INDONESIA sebagai negara demokrasi terbesar di Asia Tenggara, tengah menghadapi ujian berat dalam mempertahankan nilai-nilai fundamentalnya.
Dalam sepekan terakhir, dua peristiwa besar mengguncang panggung politik nasional, yakni meningkatnya intimidasi terhadap jurnalis dan semakin kuatnya peran militer dalam pemerintahan.
Kedua fenomena ini tidak hanya mengundang keprihatinan dalam negeri, tetapi juga mendapat sorotan dari dunia internasional.
Kebebasan pers adalah salah satu pilar utama demokrasi, sedangkan supremasi sipil atas militer merupakan fondasi reformasi politik yang telah diperjuangkan selama lebih dari dua dekade.
Namun, jika tren yang terjadi saat ini terus berlanjut tanpa kontrol yang jelas, Indonesia berisiko mengalami kemunduran demokrasi yang serius.
Teror terhadap Jurnalis: Upaya Membungkam Kebenaran?

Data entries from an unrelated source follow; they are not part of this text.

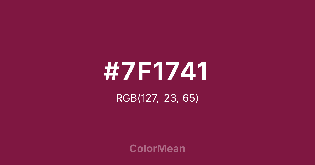 #7F1741 RGB value is (127, 23, 65). The hex color red value is 127, green is 23, and blue is 65. Its HSL format shows a hue of 336°, saturation of 69 percent, and lightness of 29 percent. The CMYK process values are 0 percent, 82 percent, 49 percent, 50 percent.
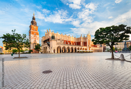 Old town and Cloth hall in Cracow, Poland, empty market square at sunrise
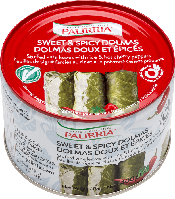 52% riz cuit , 10,8% Poivrons – cerises piquants , 10 feuille de vigne ,eau ,huile de soja,oignons ,mini poivrons ,sucre ,persil ,sel ,sucre inverti ,vinaigre de vin rouge ,tabasco ,poivre noir ,
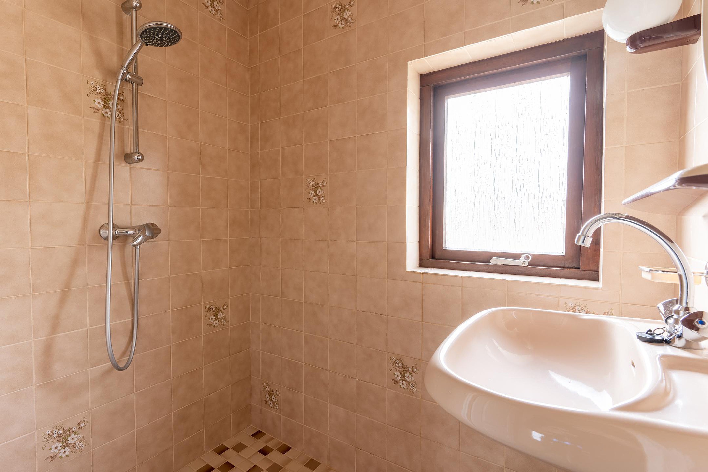 overloop, 3 slaapkamers met vaste kasten (en 1 slaapkamer met balkon) en een compacte badkamer voorzien van douche en wastafel.
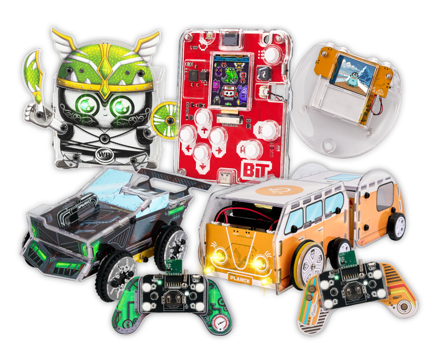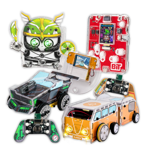Build a self-driving car, a game console, a virtual pet, a walking spider, a Bluetooth speaker, and more! This bundle includes our retro console Bit, and six big Wacky Robots. Learn all about electronics and unlock a secret game with each robot!
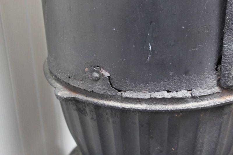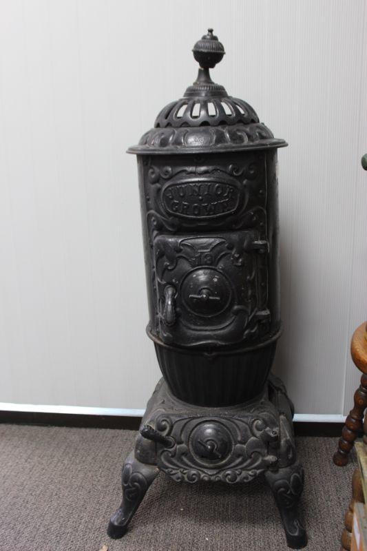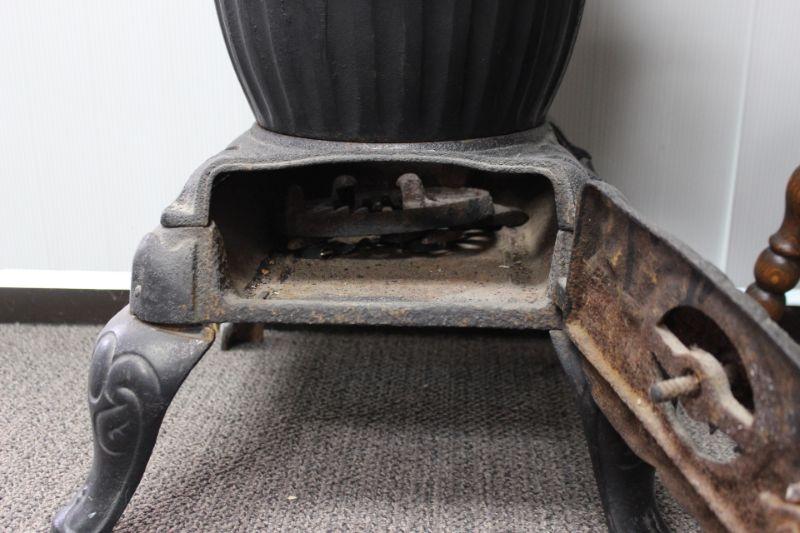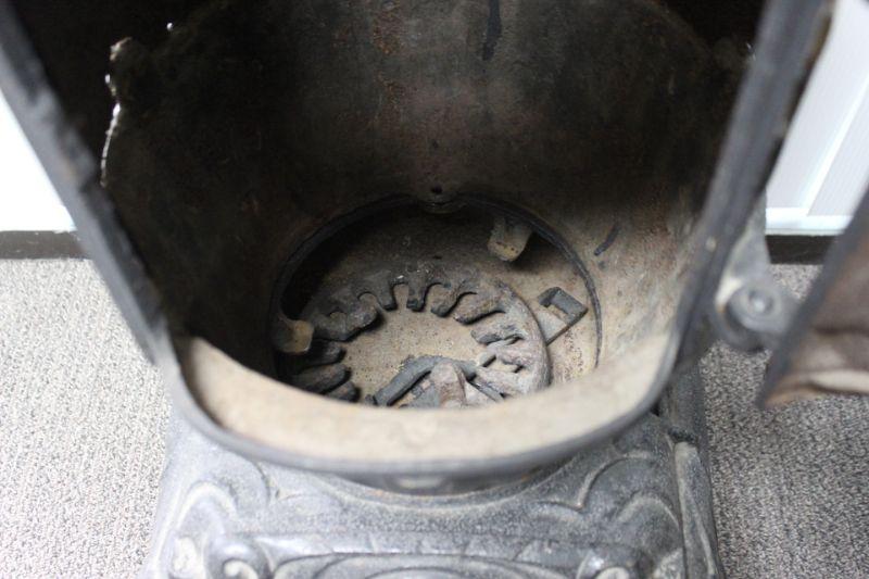 Cast Iron Stove. It has been used but is in good condition. There is signs of heat damage and age. Missing the smoke stack. Heavy. Local Pick Up Only.

Ancaman terhadap kebebasan pers di Indonesia semakin nyata setelah kasus yang menimpa jurnalis investigasi Tempo, Francisca Christy Rosana. Ia menjadi korban teror dalam bentuk ancaman fisik dan digital setelah menerbitkan laporan investigasi terkait dugaan penyimpangan kebijakan pemerintah.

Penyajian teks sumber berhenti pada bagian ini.